The Cylindrical Representation Hypothesis for Language Model Steering¶

Conference: ICML 2026
arXiv: 2605.01844
Code: https://github.com/mbzuai-nlp/CRH
Area: LLM/NLP / Representation Geometry / Interpretability
Keywords: Activation Steering, Linear Representation Hypothesis, Representation Geometry, Controllability, Concept Vectors

TL;DR¶

This paper proposes the Cylindrical Representation Hypothesis (CRH). By maintaining "concept linearity" while abandoning the orthogonality assumption of LRH, it demonstrates that the superposition of concept vectors naturally induces a cylindrical geometry consisting of an "axis + normal plane + sensitive sector." This provides the first geometric explanation for why activation steering is unpredictable at the sample level but observable at the group level.

Background & Motivation¶

Background: LLM "activation steering" has become a mainstream tool in interpretability and alignment research: by adding a concept direction vector \(\mathbf{v}\) to the residual stream of a certain layer, one can promote or suppress outputs according to that concept during inference. Existing theories are almost entirely based on the Linear Representation Hypothesis (LRH, Park et al. 2024)—assuming concepts correspond to linear directions and can be orthogonalized and independently manipulated through "causal inner products."

Limitations of Prior Work: Real-world steering is extremely unstable; the same direction vector produces vastly different effects across different samples. "Controllability predictions" based on LRH (such as representation separation) correlate weakly with measured steering success rates, making them practically unreliable for engineering.

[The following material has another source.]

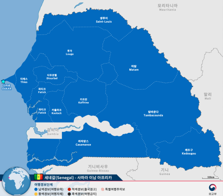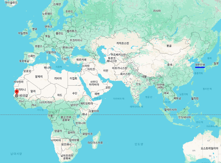 대한민국 기준으로 세네갈 수도 "다카르"까지의 거리는 13,295km이며, 시차는 세네갈이 9시간 느립니다.

Key Challenge: The "lossless orthogonalization" assumed by LRH is fundamentally impossible in finite dimensions when the number of concepts exceeds the number of dimensions—any 2D space can hold at most 2 orthogonal directions, yet LLMs must represent thousands of concepts. Therefore, overlap between concepts is inevitable, and the theoretical assumption of orthogonality is inherently flawed.

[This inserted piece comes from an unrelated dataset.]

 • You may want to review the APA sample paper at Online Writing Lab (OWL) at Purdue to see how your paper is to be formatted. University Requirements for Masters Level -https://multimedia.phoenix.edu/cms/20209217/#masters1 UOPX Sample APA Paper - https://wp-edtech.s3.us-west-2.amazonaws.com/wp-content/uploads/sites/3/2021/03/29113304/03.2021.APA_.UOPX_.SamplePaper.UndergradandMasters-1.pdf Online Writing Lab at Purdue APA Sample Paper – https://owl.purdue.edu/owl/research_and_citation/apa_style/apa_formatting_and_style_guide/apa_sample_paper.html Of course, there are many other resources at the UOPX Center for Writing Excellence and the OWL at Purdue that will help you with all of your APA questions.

Goal: (i) Relax LRH to "linearly additive but non-orthogonal" and examine the resulting geometric structure; (ii) use this new structure to explain why steering is random at the sample level yet estimable at the group level; (iii) provide empirically testable predictions.

Key Insight: The authors retain the "soft core" that concept vectors are linear but allow arbitrary angles between them. Starting from the simplest premise that "difference vectors = linear combinations of multiple concepts," they derive that local geometry inevitably presents a triplet of "central axis + normal plane + phase."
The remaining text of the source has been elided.